§ Task requirements:
Reproduce the lines below exactly. Skip images.

§ Stored data:
__________
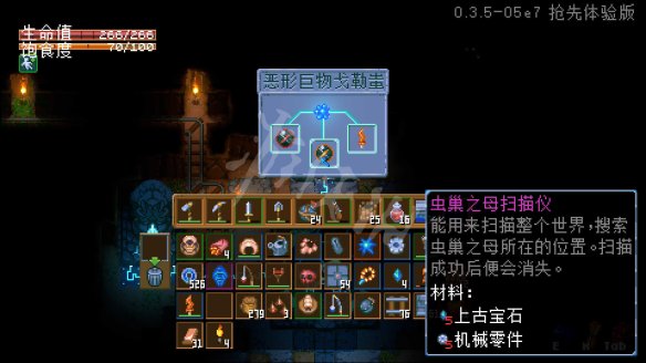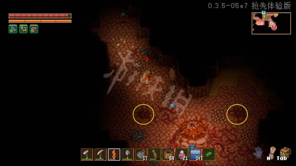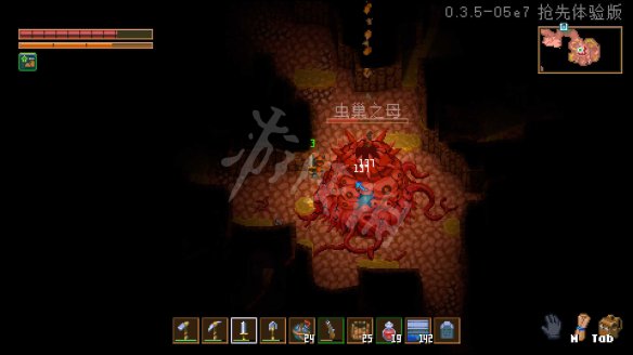 不主動攻擊蟲巢之母的話,它是不會發現玩家的。所以靠近後先不要驚動它,尋找分布在周圍的四個小蟲穴,利用之前收集的牆壁將這些蟲穴都圍起來。這樣開戰後,蟲穴里鑽出來的蠕蟲都會被圍在牆里無法攻擊到玩家。
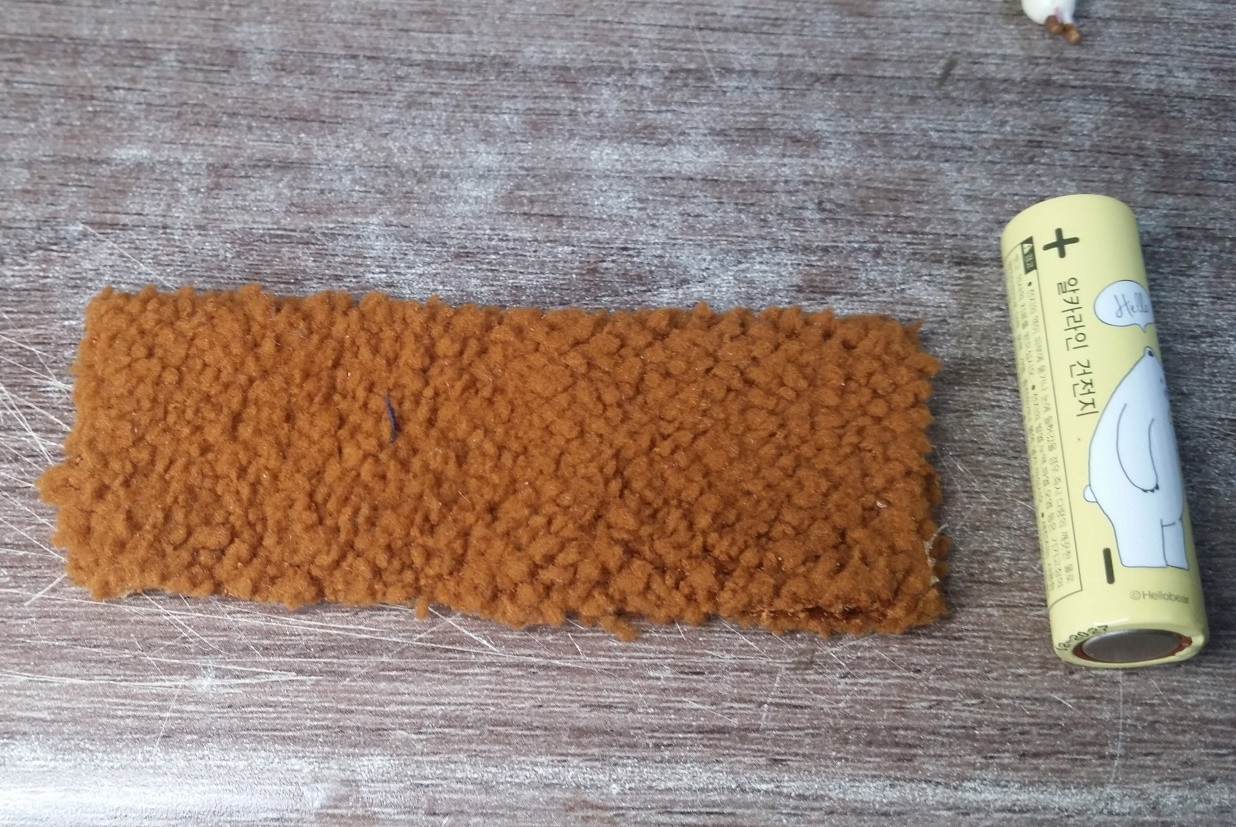 양모같은 천을 반으로 접어 붙힌다.
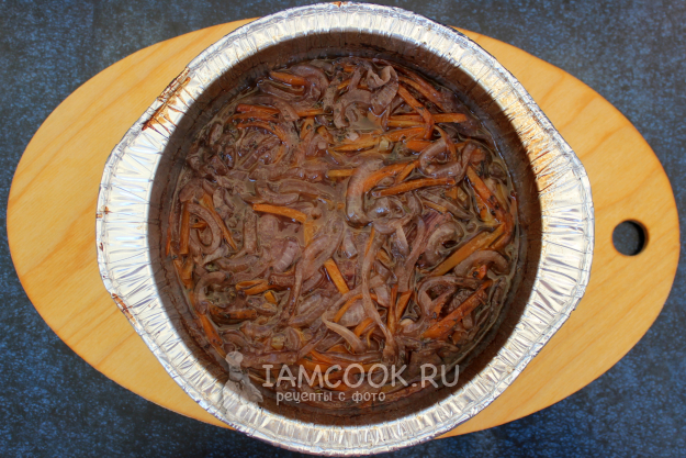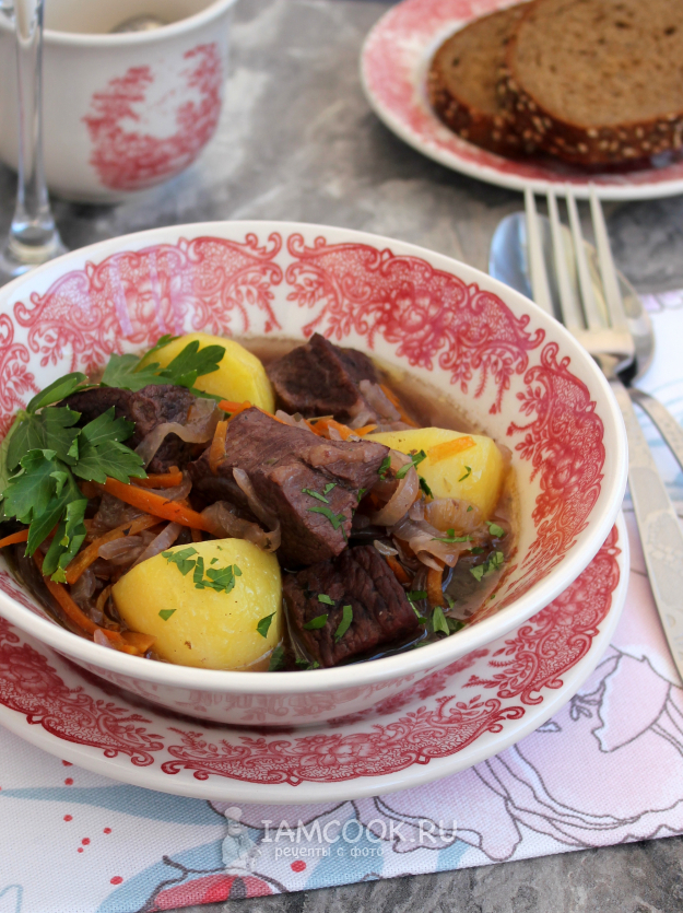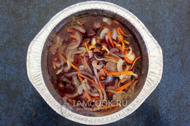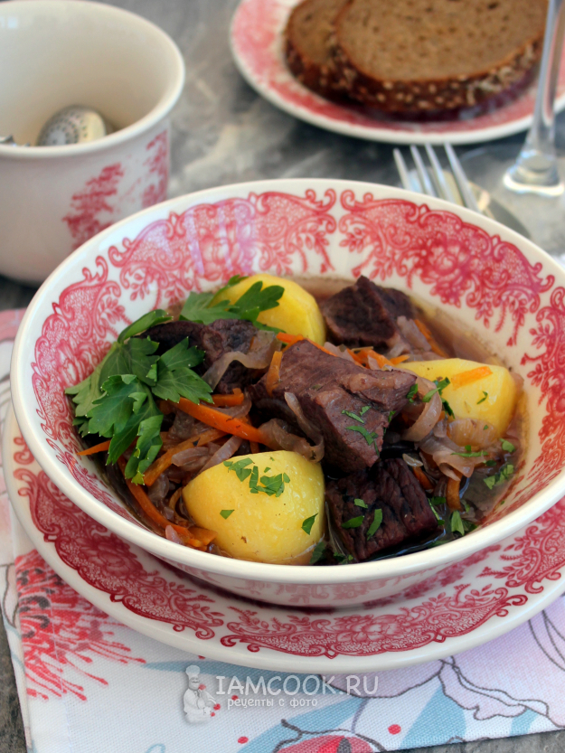 Закройте форму крышкой или фольгой и поместите в духовку. Оставьте небольшую щелку, чтобы чуток жидкости постепенно выкипало, кроме того, соус подзагустеет. Если мясо ещё не будет нужной приятной мягкости, то придется оставить всё это в духовке ещё на некоторое время (в зависимости от взятого мяса – до 3,5 часов…). Дайте огонь 160-180 градусов и проверьте готовность кусочка говядины через 1,5 часа. В моём случае мясо после 1,5 часов было ещё оставлено тушиться в духовке на 15 минут без крышки.
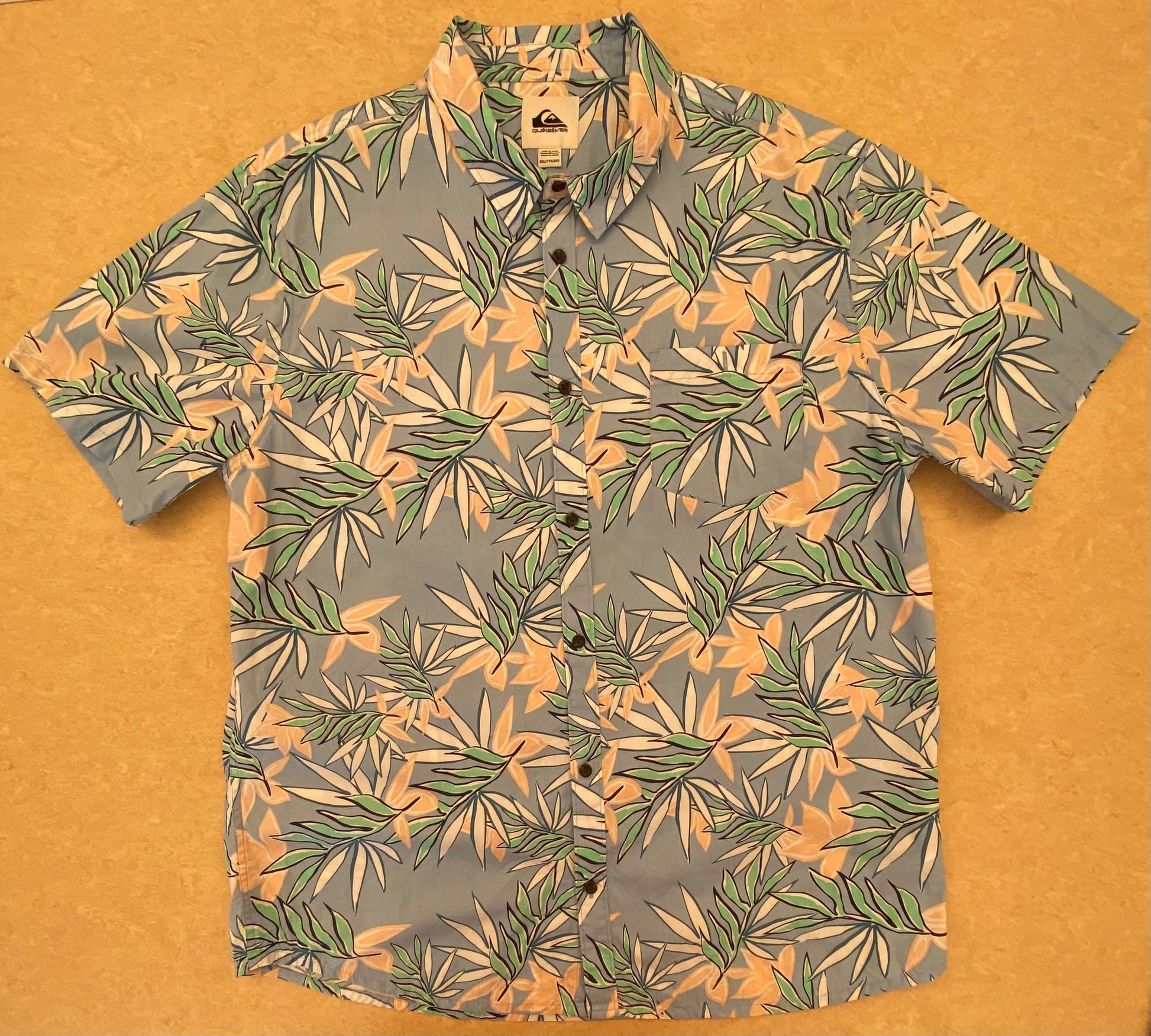 This USED Aloha shirt is a like-new 100% cotton Aloha shirt from Quiksilver HAWAII that has been used only once. You will enjoy its sophisticated design and comfortable fit. Recommended item. One item.
__________
§ Solution to this task:
 不主動攻擊蟲巢之母的話,它是不會發現玩家的。所以靠近後先不要驚動它,尋找分布在周圍的四個小蟲穴,利用之前收集的牆壁將這些蟲穴都圍起來。這樣開戰後,蟲穴里鑽出來的蠕蟲都會被圍在牆里無法攻擊到玩家。
 양모같은 천을 반으로 접어 붙힌다.
 Закройте форму крышкой или фольгой и поместите в духовку. Оставьте небольшую щелку, чтобы чуток жидкости постепенно выкипало, кроме того, соус подзагустеет. Если мясо ещё не будет нужной приятной мягкости, то придется оставить всё это в духовке ещё на некоторое время (в зависимости от взятого мяса – до 3,5 часов…). Дайте огонь 160-180 градусов и проверьте готовность кусочка говядины через 1,5 часа. В моём случае мясо после 1,5 часов было ещё оставлено тушиться в духовке на 15 минут без крышки.
 This USED Aloha shirt is a like-new 100% cotton Aloha shirt from Quiksilver HAWAII that has been used only once. You will enjoy its sophisticated design and comfortable fit. Recommended item. One item.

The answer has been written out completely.